While it is cited in Biblical scriptures as the location for “End of Days”, for modern day Israel it has signified more the “Beginning of Days” as it heralded in the eventual establishment of the Jewish State and one special community in South Africa played a vital part – South Africa’s wonderful Coloured community.
The African National Congress (ANC) – the governing party in South Africa – has voiced its intention to downgrade the country’s embassy in Israel. The reasons are not in any way related to the strong commercial or other dealings with Israel, but rather because of a myopic view of the political situation in Israel. Blind loyalty to the Palestinian cause trumps any perception of fairness or of the political realities on the ground.
However, what most South Africans do not know is that the forebears of many current ANC supporters fought and died in a war that made the eventual rebirth of the State of Israel a reality – the Battle of Megiddo.
During the WWI when the Union of South Africa was allied with Britain, many members of the Coloured community – particularly from Cape Town and Kimberley – volunteered for military duty. During 1915, the historic Cape Corp was reformed, with the volunteers being placed in what became known as the 1st Cape Corps.

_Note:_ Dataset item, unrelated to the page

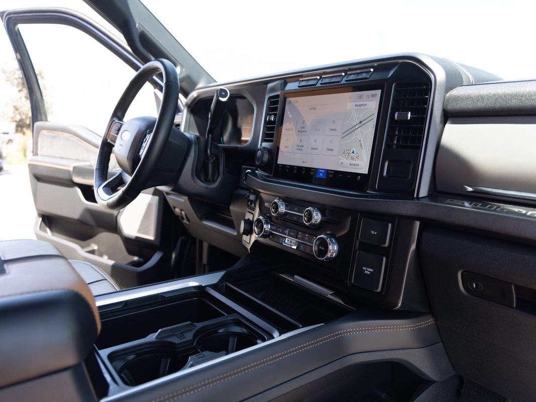 Remote Start,Navigation System,Leather Seats,Heated Seats,Bluetooth,Driver seat: heated massaging, ventilated,Driver seat power adjustments: height lumbar, reclining, 8,Front headrests: adjustable 2,Front seat type: bucket,Passenger seat: heated massaging, ventilated,Passenger seat power adjustments: height lumbar, reclining, 8,Rear headrests: adjustable 3,Rear seat: heated,Rear seat folding: folds up split,Rear seat type: 60-40 split bench,Upholstery: leather-trimmed,ABS: 4-wheel,Braking assist: ,Electronic brakeforce distribution: ,Emergency braking preparation: ,Front brake diameter: 14.29,Front brake type: ventilated disc,Front brake width: 1.5,Power brakes: ,Rear brake diameter: 14.3,Rear brake type: ventilated disc,Rear brake width: 1.5,Alternator: 160 amp and 250 amp (dual),Battery: AGM maintenance-free,Battery rating: 750 CCA,Battery saver: ,Clearance lights: ,Daytime running lights: LED,Exterior entry lights: approach lamps puddle lamps,Front fog lights: LED,Headlights: LED auto delay off, auto high beam dimmer, auto on/off, wiper activated,Taillights: LED,Automatic emergency braking: front front pedestrian, intersection/junction turn, rear,Automatic hazard warning lights: ,Blind spot safety: sensor/alert trailer coverage,Camera system: cargo area surround view, trailer rearview,Child safety door locks: ,Child seat anchors: LATCH system,Cross traffic alert: rear,Crumple zones: front,Driver attention alert system: ,Impact sensor: alert system door unlock, post-collision safety system,Lane deviation sensors: ,Lane keeping assist: ,Parking sensors: rear,Pre-collision warning system: audible warning intersection/junction turn, pedestrian detection, visual warning,Programmable safety key: ,Rearview monitor: in dash,Traffic sign recognition: ,Airbag deactivation: passenger switch,Front airbags: dual,Side airbags: front,Side curtain airbags: front rear,Side mirror adjustments: power power folding, power telescoping,Side mirrors: heated integrated turn signals,Towing mirrors: ,Front wipers: rain sensing variable intermittent,Laminated glass: acoustic windshield,Pickup sliding rear window: power horizontal,Power windows: safety reverse,Rear privacy glass: ,Solar-tinted glass: front,Window defogger: rear,Anti-theft system: alarm anti-tow sensor, interior motion sensor, vehicle immobilizer,Power door locks: anti-lockout auto-locking,Emergency locking retractors: front rear,Front seatbelts: 3-point,Rear seatbelts: 3-point,Seatbelt pretensioners: front,Seatbelt warning sensor: front,4WD selector: electronic hi-lo,4WD type: part time,Axle ratio: 3.73,Front shock type: gas,Front spring type: coil,Front stabilizer bar: diameter 28 mm,Front suspension classification: solid live axle,Front suspension type: multi-link,Rear shock type: gas,Rear spring type: leaf,Rear stabilizer bar: diameter 22 mm,Rear suspension classification: solid live axle,Rear suspension type: multi-leaf,Electronic messaging assistance: voice operated with read function,Hands-free phone call integration: voice operated,Navigation data: real time traffic,Navigation system: touch screen display voice operated,Smart device app compatibility: FordPass Connect,Smart device app function: engine start lock operation, maintenance status, vehicle location,Wi-Fi: hotspot,Wireless data link: Bluetooth,Antenna type: diversity mast,Auxiliary audio input: Bluetooth USB, iPod/iPhone,Digital sound processing: ,Premium brand: Bang & Olufsen,Radio: AM/FM HD radio, touch screen display, voice operated,Radio data system: ,Satellite radio: SiriusXM,Speed sensitive volume control: ,Subwoofer: 1,Total speakers: 13,Watts: 1080,Spare tire mount location: underbody,Spare tire size: full-size,Spare wheel type: steel,Tire Pressure Monitoring System: ,Tire type: all terrain,Wheels: aluminum alloy with painted accents,Clock: ,Compass: ,Customizable instrument cluster: ,Digital odometer: ,External temperature display: ,Fuel economy display: MPG range,Gauge: oil pressure tachometer, transmission temperature,Head-up display: ,Instrument cluster screen size: 12 in.,Multi-function display: ,Powertrain hour meter: ,Trip odometer: ,Warnings and reminders: low fuel level maintenance due,Air filtration: ,Front air conditioning: automatic climate control,Front air conditioning zones: dual,Rear vents: second row,Armrests: rear center with cupholders,Center console trim: leather,Dash trim: alloy,Door sill trim: scuff plate,Door trim: alloy leather,Floor mat material: carpet,Floor material: carpet,Floor mats: front rear,Heated steering wheel: ,Steering wheel trim: leather,Door handle color: body-color with chrome accents,Exhaust tip color: chrome,Front bumper color: body-color,Grille color: aluminum,Mirror color: chrome,Pickup bed light: LED,Rear bumper color: body-color,Running board color: black,Running boards: power retractable,Tailgate: lift assist power locking, power open, removable, step,Window trim: black,Automated trailer backup steering: straight line and turning,Onboard payload weight monitor: ,Pickup bed cargo management: tie-down anchors,Tow hooks: front,Trailer brake controller: ,Trailer hitch: ,Trailer hitch tongue weight monitor: ,Trailer wiring: 4-pin 7-pin,Upfitter switches: ,Adaptive cruise control: ,Adaptive stop and go cruise control: semi-automatic,Adjustable pedals: power,Ambient lighting: color,Assist handle: front rear,Autonomous lane guidance: lane centering,Center console: front console with armrest and storage,Cupholders: front rear,Easy entry: power driver seat power steering wheel,Keypad entry: ,Memorized settings: 3 driver adjustable pedals, driver seat, side mirrors, steering wheel,Multi-function remote: panic alarm proximity entry system,One-touch windows: 2,Overhead console: front,Power outlet(s): 115V cargo area 115V front, 115V rear, 12V front, USB front, USB-C front,Power steering: ,Power windows: lockout button,Push-button start: ,Reading lights: front rear,Rearview mirror: auto-dimming,Remote engine start: ,Steering wheel: power

The history of this fighting unit began in 1781 when the Dutch administrators of the Cape established a military unit that saw action under different names and different colonial administrations only to be disbanded in 1870 and then, arise again – as if by some Biblical prophecy – as the Cape Corps, due to the demands of the First World War.
Acclaimed for their combat performance in the ‘East African Theatre’ as the 1st Battalion Cape Corps (1CC), a Second Battalion was established, and in early 1918, both battalions were deployed to Egypt, as part of part of General Edmund Allenby Egyptian Expeditionary Force.
Its mission was clear:
to drive the combined Ottoman Turkish and German forces out of what was then known as Palestine.
Following Allenby’s major victories at Beersheva and the capture of Jerusalem that ended on 30 November 1917, the stage was then set for the final thrust into the Jordan Valley, the heartland of what would emerge in a future State of Israel.
To carry out this thrust, enter the battle-hardened 1st Cape Corps, fresh out of action in East Africa, where they had received Battle Honours for major victories, notably at Kilimanjaro, Behobeho and Nyangao.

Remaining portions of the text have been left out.